> AIM OF THE TASK: Return all of the following entries as written, but without the images.

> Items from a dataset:
=== Section Start ===

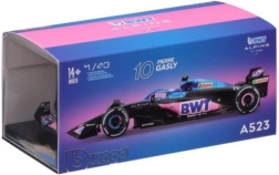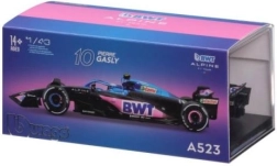 Ikonikus csapatszínek: kék, rózsaszín és fekete, hű BWT, ALPINE és Castrol szponzorlogók és aerodinamikus formák – ez a modell a Alpine A523 (2023-as szezon) valós versenygépének élethű megjelenését hozza. 1:43 méretarányban bármely vitrinen remekül mutat.
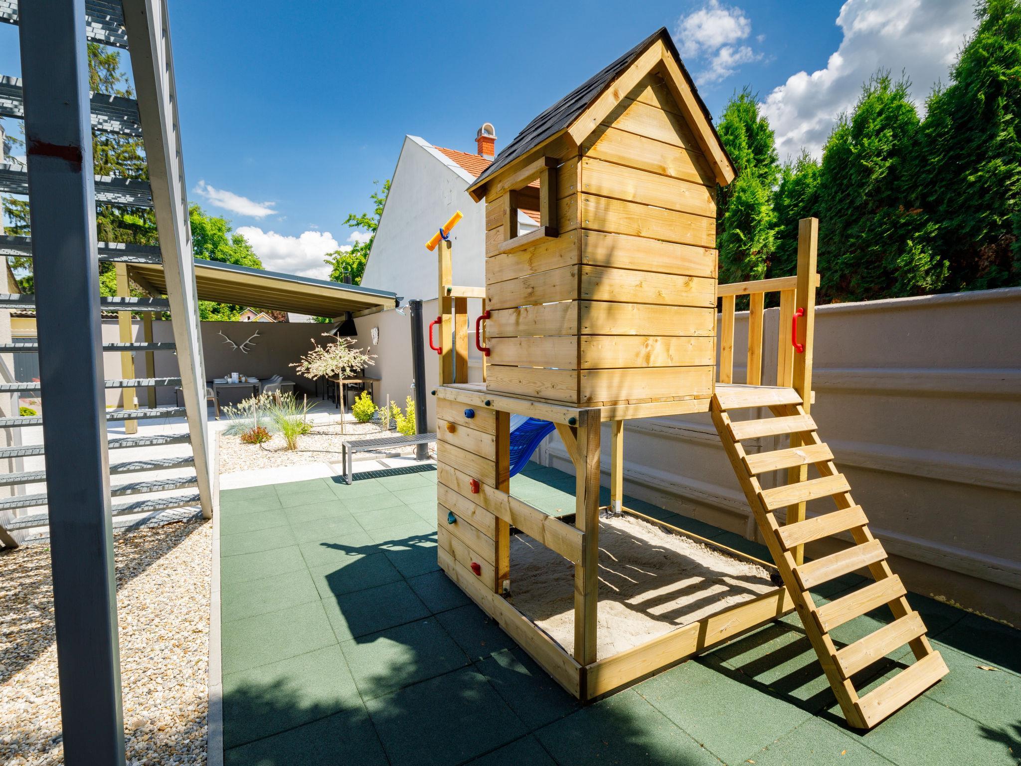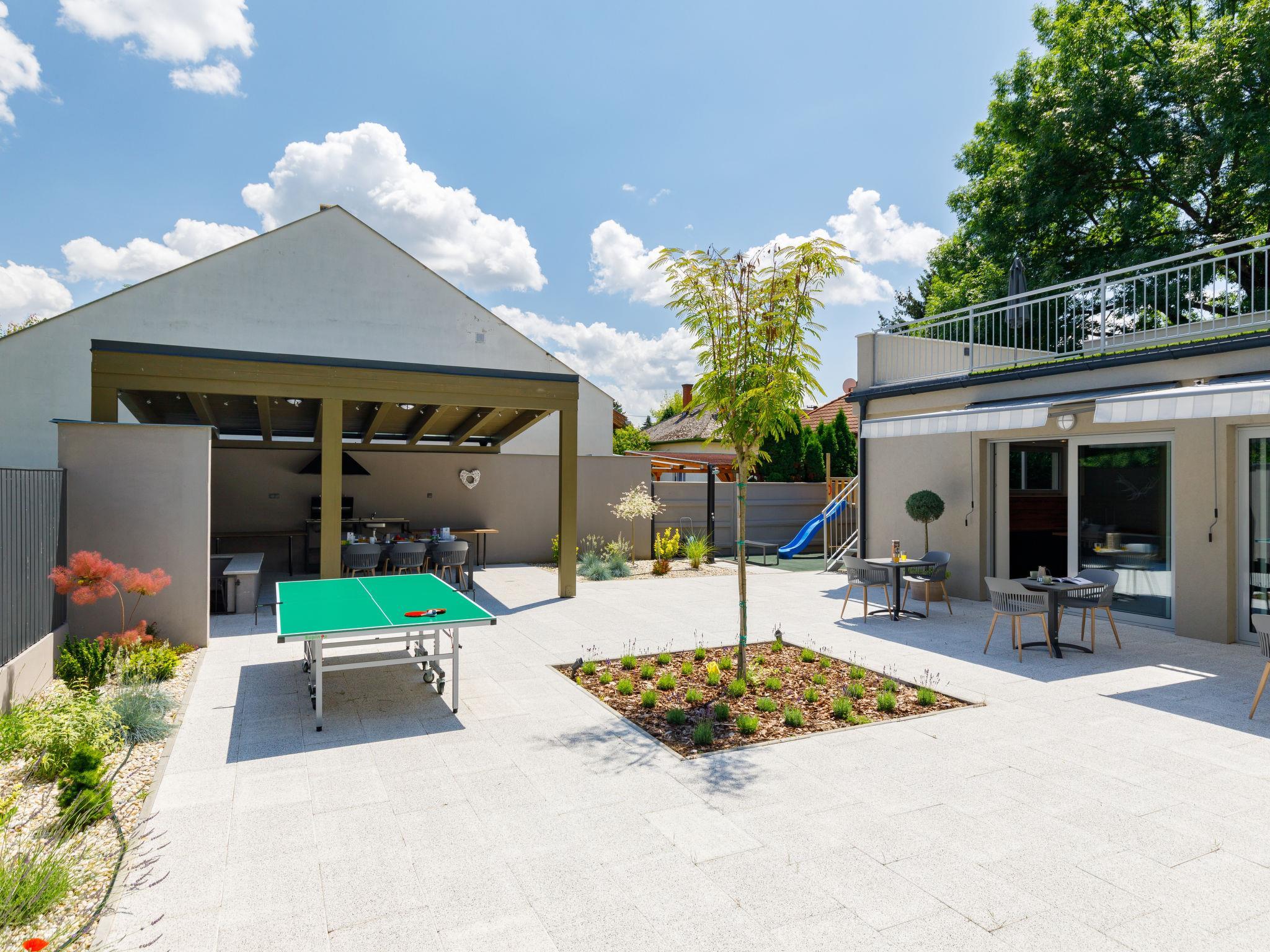 Balatonszárszó 5 km von Balatonföldvár: Grosses, modernes, schönes Mehrfamilienhaus, Baujahr 2023. 5 Wohnungen in der Residenz. Exzellente Lage: Absolut zentral und dennoch ruhig, 290 m vom See, 350 m vom Strand. Zur Alleinbenutzung: Grundstück (eingezäunt). Aussendusche, Sprudelbad, Tischtennis, Pergola, Gartenmöbel, Grill, Kinderspielplatz (Rutschbahn, Sandkasten). Im Hause: Wireless LAN, Tischtennis, Billard, Tischfussball, Sonnenterrasse, Zentralheizung, Klimaanlage, Waschmaschine, Wäschetrockner. Frühstück auf Anfrage (extra). Parkplatz beim Haus. Lebensmittelgeschäft 90 m, Supermarkt 7 km, Restaurant, Café 140 m, Fahrradverleih 150 m, Bushaltestelle 850 m, Bahnstation 200 m, Park 200 m, Thermalbad "Csiszta" 36 km. Surfschule 4 km, Segelschule 1 km, Tennis 500 m, Reitstall 9 km, Kinderspielplatz 600 m. Nahe gelegene Sehenswürdigkeiten: Siófok Bella Zoo 24 km, Tihany 12 km, Siófok Theme Pak 24 km, Festetics Castle 57 km, Hévíz 61 m.
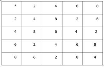 Write the composition table for the binary operation multiplication modulo 10(×10) on the set S = {2, 4, 6, 8}.
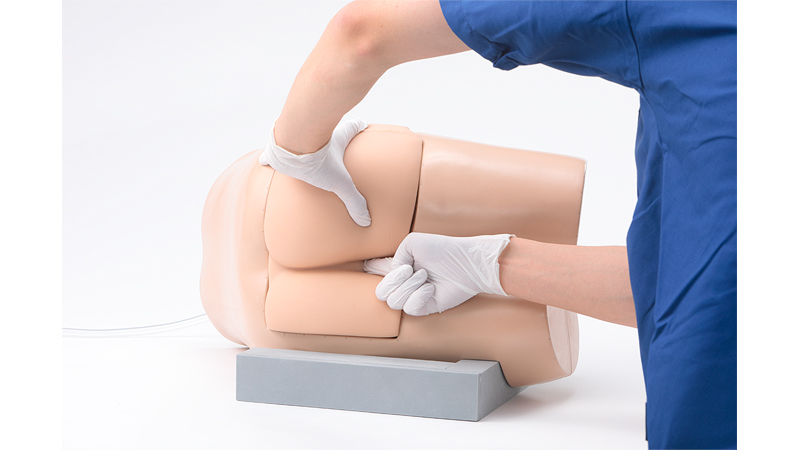 - Ягодицы тренажера представлены в виде мягкотканых вставок с возможностью разведения для доступа к анусу и прямой кишке
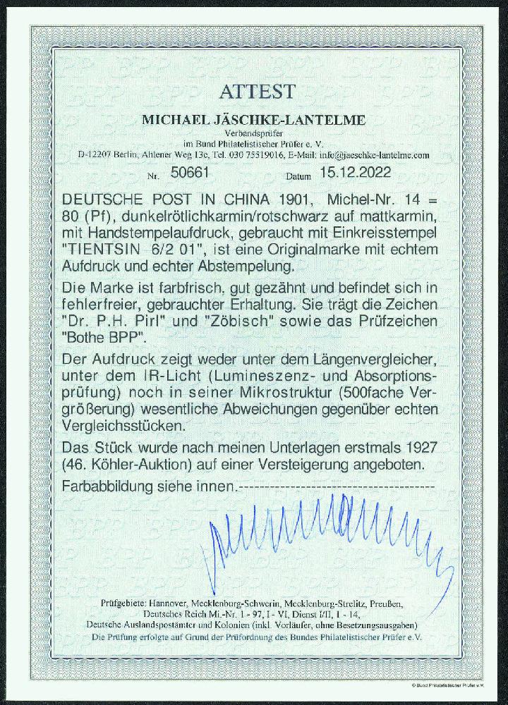 | Prüfgebiet: | Deutsche Auslandspostämter China |

=== Section End ===

> RESPONSE AREA:
 Ikonikus csapatszínek: kék, rózsaszín és fekete, hű BWT, ALPINE és Castrol szponzorlogók és aerodinamikus formák – ez a modell a Alpine A523 (2023-as szezon) valós versenygépének élethű megjelenését hozza. 1:43 méretarányban bármely vitrinen remekül mutat.
 Balatonszárszó 5 km von Balatonföldvár: Grosses, modernes, schönes Mehrfamilienhaus, Baujahr 2023. 5 Wohnungen in der Residenz. Exzellente Lage: Absolut zentral und dennoch ruhig, 290 m vom See, 350 m vom Strand. Zur Alleinbenutzung: Grundstück (eingezäunt). Aussendusche, Sprudelbad, Tischtennis, Pergola, Gartenmöbel, Grill, Kinderspielplatz (Rutschbahn, Sandkasten). Im Hause: Wireless LAN, Tischtennis, Billard, Tischfussball, Sonnenterrasse, Zentralheizung, Klimaanlage, Waschmaschine, Wäschetrockner. Frühstück auf Anfrage (extra). Parkplatz beim Haus. Lebensmittelgeschäft 90 m, Supermarkt 7 km, Restaurant, Café 140 m, Fahrradverleih 150 m, Bushaltestelle 850 m, Bahnstation 200 m, Park 200 m, Thermalbad "Csiszta" 36 km. Surfschule 4 km, Segelschule 1 km, Tennis 500 m, Reitstall 9 km, Kinderspielplatz 600 m. Nahe gelegene Sehenswürdigkeiten: Siófok Bella Zoo 24 km, Tihany 12 km, Siófok Theme Pak 24 km, Festetics Castle 57 km, Hévíz 61 m.
 Write the composition table for the binary operation multiplication modulo 10(×10) on the set S = {2, 4, 6, 8}.
 - Ягодицы тренажера представлены в виде мягкотканых вставок с возможностью разведения для доступа к анусу и прямой кишке
 | Prüfgebiet: | Deutsche Auslandspostämter China |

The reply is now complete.